Programme structurant INNOV - Des sociétés en marche. Leviers et verrous de l’INNOVation au début de l’Holocène


L’innovation peut naître d’initiatives individuelles (l’invention). Pour exister, elle exige une mobilisation forte dans la durée pour aboutir à des produits, des techniques, des modes de pensées qui seront largement partagés ; dans ce cas, le groupe apporte une impulsion et une coordination à de grands projets qui répondent bien souvent à des besoins sociétaux. Mais, fréquemment, l’innovation surgit aussi de manière imprévisible du bouillonnement d’idées dans des anthroposystèmes dynamiques. Utile, vitale et/ou née de nouvelles valeurs, l’innovation présente dans tous les cas un impact potentiellement considérable dans les structures des sociétés qui l’ont engendrée de même que dans celles qui la recevront.

Les sociétés holocènes du bassin méditerranéen fondent leur évolution entre des processus de mutations internes et de vastes phénomènes de transgressions culturelles qui participent aux recompositions des systèmes de valeurs. Dans ce cadre théorique, le projet structurant INNOV de l’équipe PRBM vise à analyser sur le temps long, depuis la fin de l’Épipaléolithique jusqu’aux débuts de la Protohistoire, la dynamique de ces innovations, leur diffusion et leur assimilation en ciblant plusieurs actions déterminées par les programmes en cours ou à venir à partir de terrains d’étude diversifiés (voir figure). Trois axes complémentaires sont plus particulièrement explorés.
 
 
Schéma synthétique des 3 axes de réflexion du projet INNOV et des actions supports

Premièrement, l’interrogation porte sur les dynamiques d’amorçage de l’innovation, avec trois leviers qui se profilent. Tout d’abord, l’émergence d’une innovation peut être corrélée à des environnements socio-écologiques propices d’accessibilité et de contrôle des ressources. Une innovation peut aussi constituer une réponse à des demandes sociétales spécifiques (innover pour valoriser, pour répondre à une pression démographique ou à des changements dans les modes de production..). Enfin, via le partage d’idées entre groupes sociaux distincts, la mixité culturelle peut être un formidable tremplin à l’innovation.

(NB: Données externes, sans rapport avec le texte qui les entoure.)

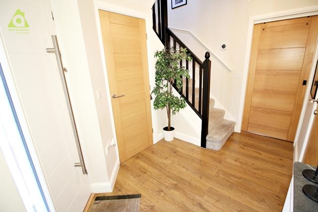 The utility room has plumbing for a washing machine and tumble dryer, quartz work surface, laminate flooring and spot lights to the ceiling.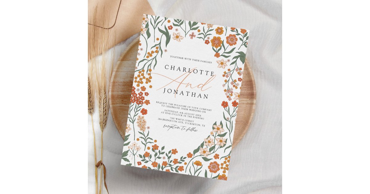 Whimsical Wildflower Wedding Invitation | Zazzle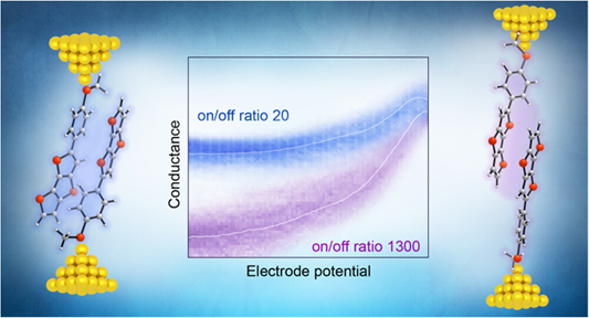 Abstract: The charge transport through supramolecular junctions exhibits unique quantum interference (QI) effects, which provide an opportunity for the design of supramolecular transistors. Benefiting from the configuration dependence of QI, configuration control of the supramolecular assemblies to demonstrate the QI features is a key but challenging step. In this work, we fabricated the supramolecular transistors and investigated the charge transport through the conducting channel of the individual π-stacked thiophene/phenylene co-oligomers (TPCOs) using the electrochemically gated scanning tunneling microscope break junction technique. We controlled the configuration of the supramolecular channel and switched the QI features between the anti-resonance and resonance states of the supramolecular channels. We observed the supramolecular transistor with its on/off ratio above 103 (∼1300), a high gating efficiency of ∼165 mV/dec, a low off-state leakage current of ∼30 pA, and the channel length scaled down to <2.0 nm. Density functional theory calculations suggested that the QI features in π-stacked TPCOs vary depending on the supramolecular architecture and can be manipulated efficiently by fine-tuning the supramolecular configurations. This work reveals the potential of the supramolecular channels for molecular electronics and provides a fundamental understanding of intermolecular charge transport.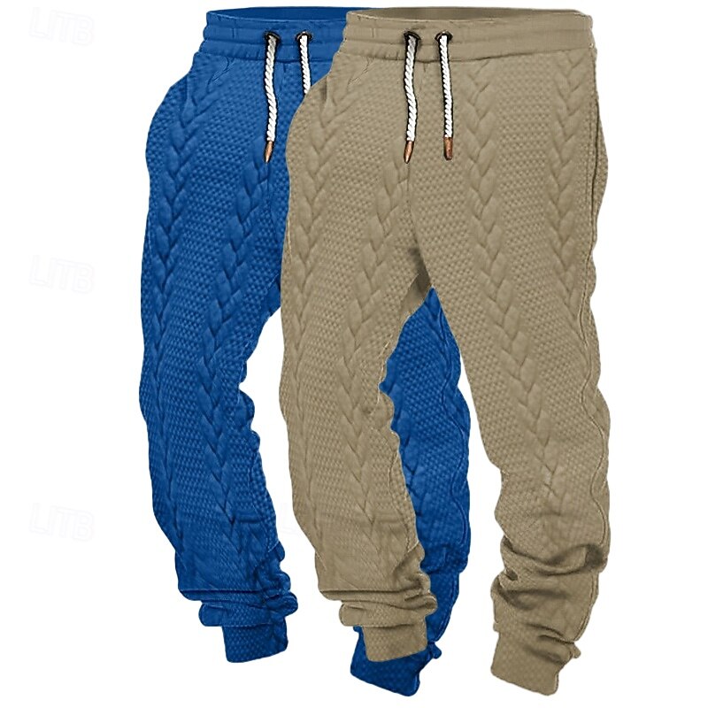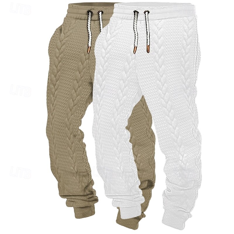 HOT ! Men's Sweatpants Joggers Trousers Casual Pants Jacquard Drawstring Elastic Waist Plain Breathable Full Length Outdoor Casual Daily Sports Fashion White+khaki Black+ Khaki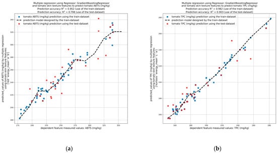 The features that exhibited the highest R2 (R2 > 0.952), were identified as being long-run emphasis (LRE), correlation, angular second moment (ASM), RLN, skewness, and RP (Figure 8). The findings demonstrated that the storage duration of tomato samples can be accurately predicted using a gradient-boosting regression model that was trained using the extracted features of tomato peel images. This finding aligns with the results of similar studies conducted by our research team and other researchers [,,,,], who have investigated various vegetable products. The findings underscore the importance of leveraging machine learning methodologies, underpinned by image texture and instrumental analysis outcomes, to ensure the conservation of vegetables and fruits.

Deuxièmement, quels sont les verrous à l’innovation, pourquoi la réprimer et comment se fait-il qu’elle puisse échouer ? Nos angles de lecture sont triples : il peut ne pas y avoir innovation car les potentialités offertes par le milieu sont incompatibles ou qu’un certain déterminisme géographique contraint les sociétés, dans des zones refuges, à demeurer conservatrices. Toute société définit également les termes de ce qui est acceptable. Une population donnée peut négliger une innovation car cette dernière n’est pas conforme à la norme et aux usages. Ce sont donc les conditions d’acceptabilité, d’emprunt ou de non emprunt d’une nouveauté qui doivent être explorées. Enfin, la mise en concurrence entre de grands centres producteurs peut maintenir des frontières sociales, économiques, culturelles. Il suffit que des monopoles priment en un lieu donné pour qu’une innovation ne soit pas admise, voire au contraire mise en rivalité.

Troisièmement, nous cherchons à caractériser les vecteurs, les rythmes de diffusion de l’innovation, ainsi que ses incidences. Tout l’intérêt est ici de détailler par l’identification de la naissance d’une nouveauté, de son transfert (imitation/importation) ou de son refus, quels sont la nature, l’intensité, le rythme et la distribution des flux, en d’autre termes comment se structurent les réseaux, quels sont les groupes émetteurs, ceux récepteurs.

Les différents axes thématiques de l’équipe permettent une approche diachronique et multiscalaire de ces différents processus et des mécanismes sous-jacents à l’évolution culturelle arythmique des sociétés holocènes.